*GOAL OF THE EXERCISE*. Without including any pictures, write out all the entries exactly.

[Records excerpted from a collection]
[Start of section]
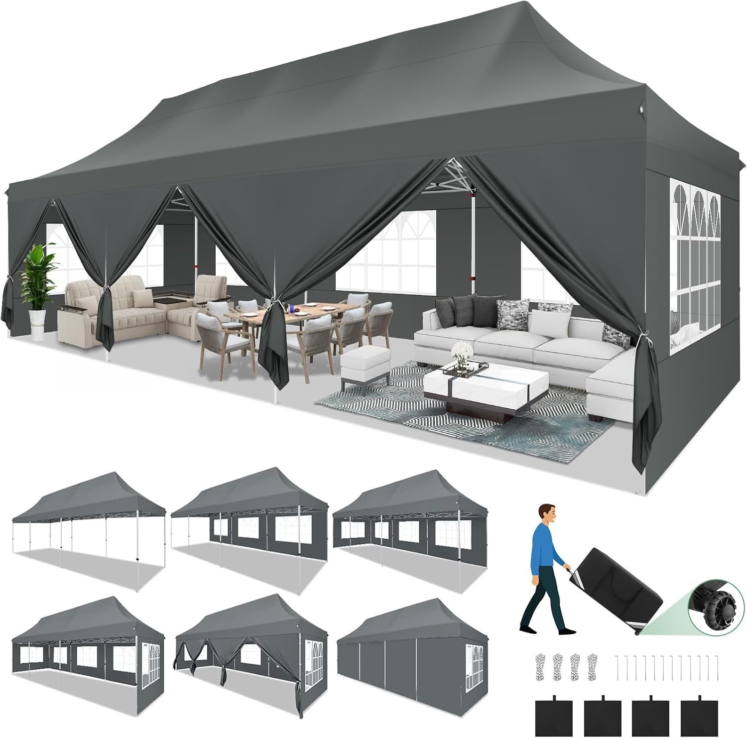 The 10×30 pop-up canopy tent is spacious enough for over 40 people, making it ideal for large gatherings like weddings and parties. Crafted from durable, waterproof 420D Oxford fabric with 99% UV protection, it features a strong steel frame to resist rust. The tent is easy to assemble and disassemble without tools, using a thumb lock system for safety. It includes 8 removable sidewalls (3 doors and 5 windows) that can be customized for different seasons. The package contains the tent frame, canopy top, sidewalls, sandbags, stakes, and a roller bag, with a 1-year satisfaction guarantee.
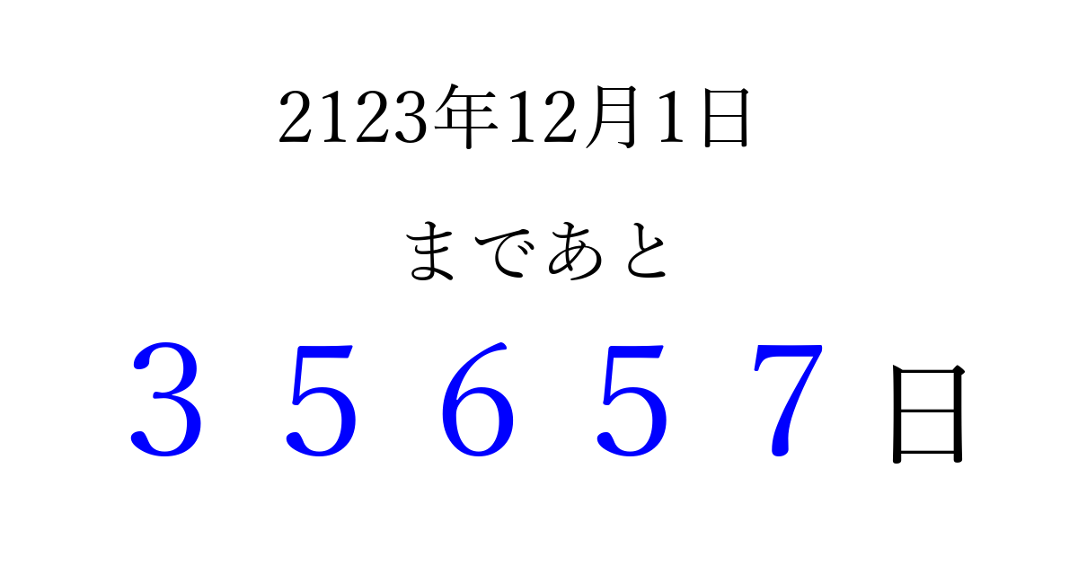 2123年12月1日(水)まで あと 99999 日です 追加すると、トップページからすぐ選べるようになります ※2026/04/16現在の結果です。 最新の状態に更新する ↓シェアして、タイムライン上にカウントダウンを表示しよう!↓ 📤 この結果を共有する Tweet シェア Threads Bluesky 別の日付でカウントダウン 2123年12月のカレンダー このページをブックマークに追加すると、いつでもカウントダウンを確認できます。 (PC: Ctrl+D / Mac: ⌘+D) hitome-notes.comでは以下のページも運営しています。 指定日と期間から日付を計算 | ガチャ確率計算・シミュレーション | プライバシー・ポリシー 運営者:Avocado
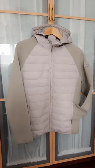 Cazadora de la marca Álvaro Moreno. - Diseño acolchado en el cuerpo. - Mangas y paneles laterales en neopreno - Capucha integrada. - Cierre de cremallera frontal. - Detalle de logo circular en manga izquierda. Impecable
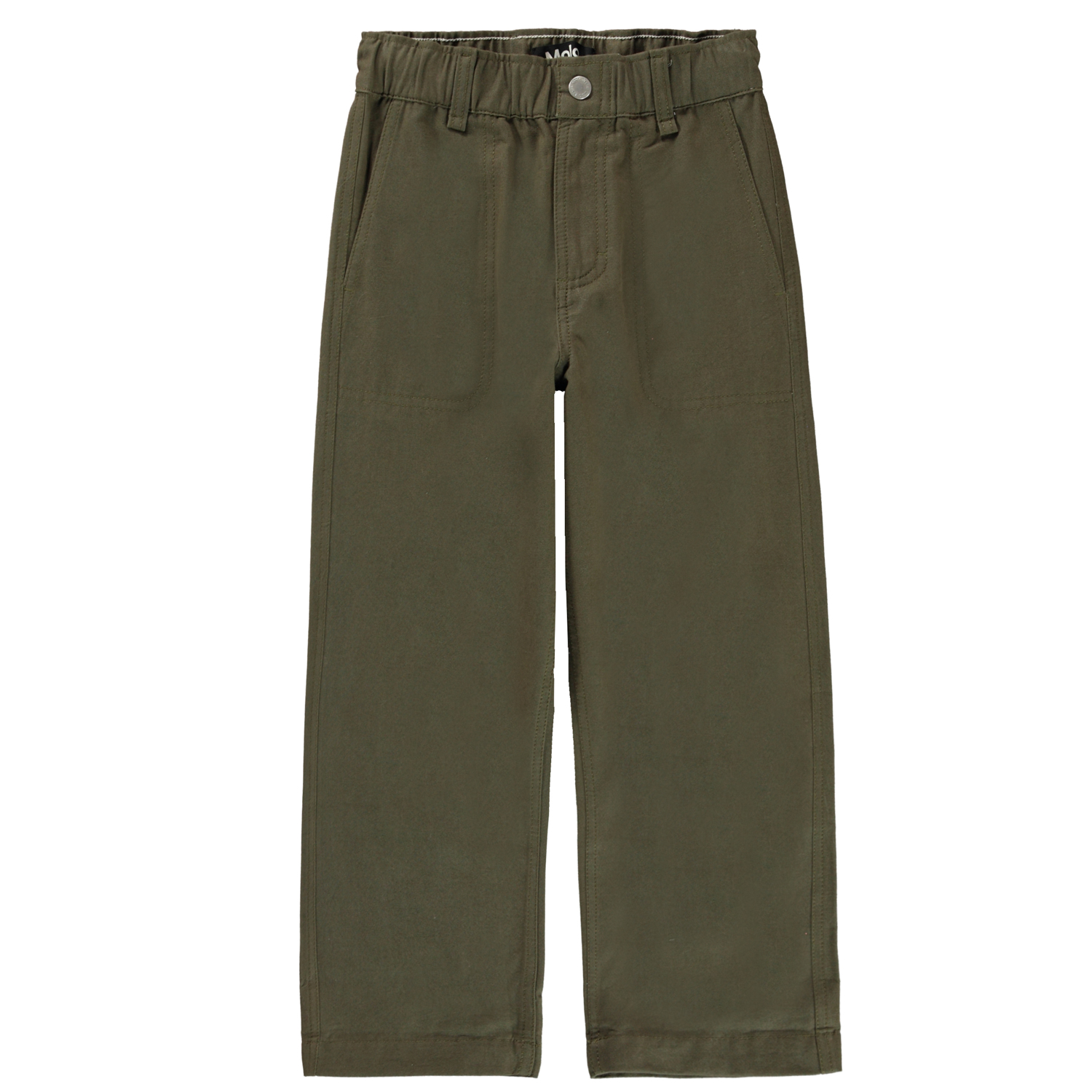 Aron är Molo´s nya byxor, här i armygrön. Byxorna har en avslappnad och bred passform och stora på sydda fickor.
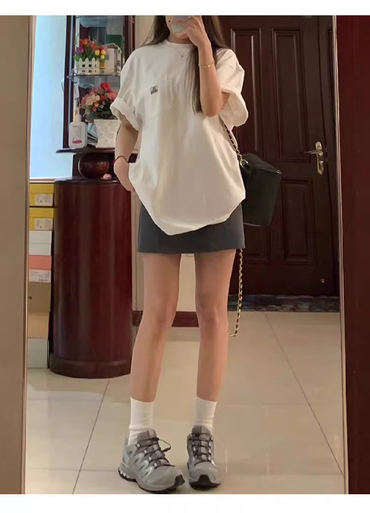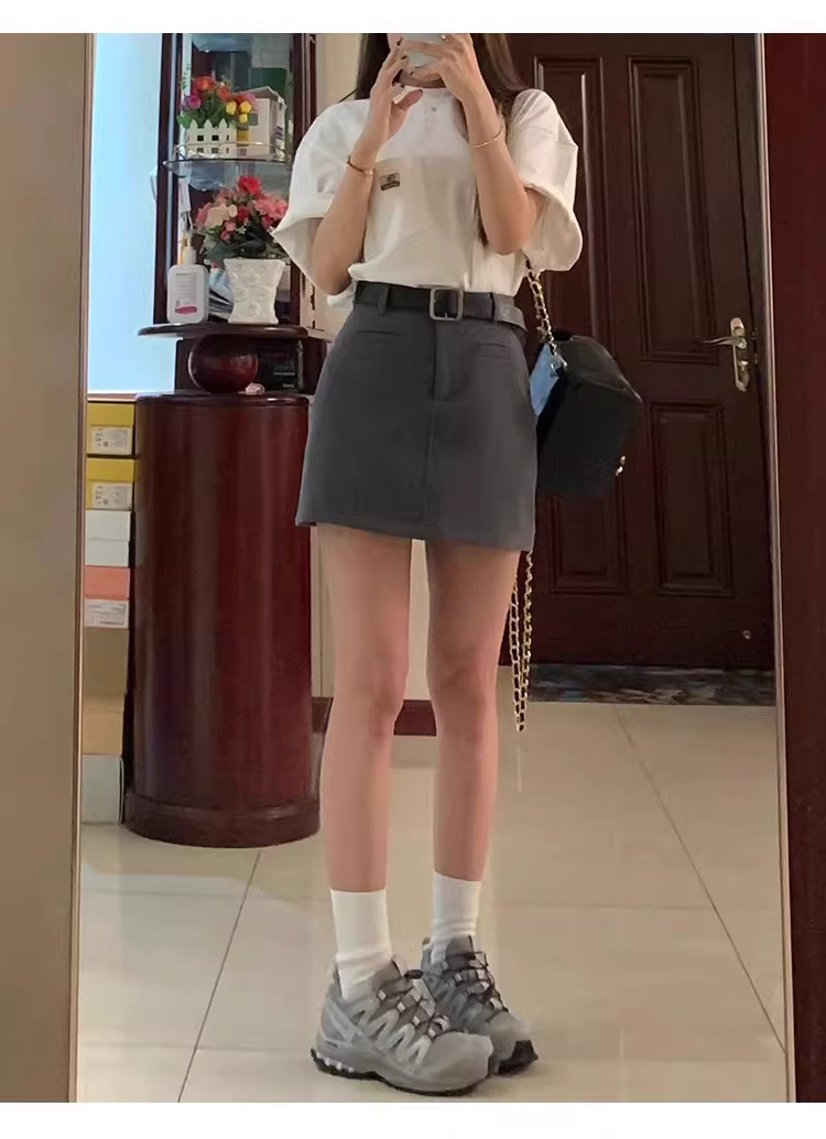 - Váy ngắn màu xám đậm dành cho nữ, kiểu dáng mỏng mùa hè, cỡ lớn, lưng cao, váy bút chì chữ A che hông, váy nửa thân thon gọn.
[End of section]
*TASK ANSWER*.
 The 10×30 pop-up canopy tent is spacious enough for over 40 people, making it ideal for large gatherings like weddings and parties. Crafted from durable, waterproof 420D Oxford fabric with 99% UV protection, it features a strong steel frame to resist rust. The tent is easy to assemble and disassemble without tools, using a thumb lock system for safety. It includes 8 removable sidewalls (3 doors and 5 windows) that can be customized for different seasons. The package contains the tent frame, canopy top, sidewalls, sandbags, stakes, and a roller bag, with a 1-year satisfaction guarantee.
 2123年12月1日(水)まで あと 99999 日です 追加すると、トップページからすぐ選べるようになります ※2026/04/16現在の結果です。 最新の状態に更新する ↓シェアして、タイムライン上にカウントダウンを表示しよう!↓ 📤 この結果を共有する Tweet シェア Threads Bluesky 別の日付でカウントダウン 2123年12月のカレンダー このページをブックマークに追加すると、いつでもカウントダウンを確認できます。 (PC: Ctrl+D / Mac: ⌘+D) hitome-notes.comでは以下のページも運営しています。 指定日と期間から日付を計算 | ガチャ確率計算・シミュレーション | プライバシー・ポリシー 運営者:Avocado
 Cazadora de la marca Álvaro Moreno. - Diseño acolchado en el cuerpo. - Mangas y paneles laterales en neopreno - Capucha integrada. - Cierre de cremallera frontal. - Detalle de logo circular en manga izquierda. Impecable
 Aron är Molo´s nya byxor, här i armygrön. Byxorna har en avslappnad och bred passform och stora på sydda fickor.
 - Váy ngắn màu xám đậm dành cho nữ, kiểu dáng mỏng mùa hè, cỡ lớn, lưng cao, váy bút chì chữ A che hông, váy nửa thân thon gọn.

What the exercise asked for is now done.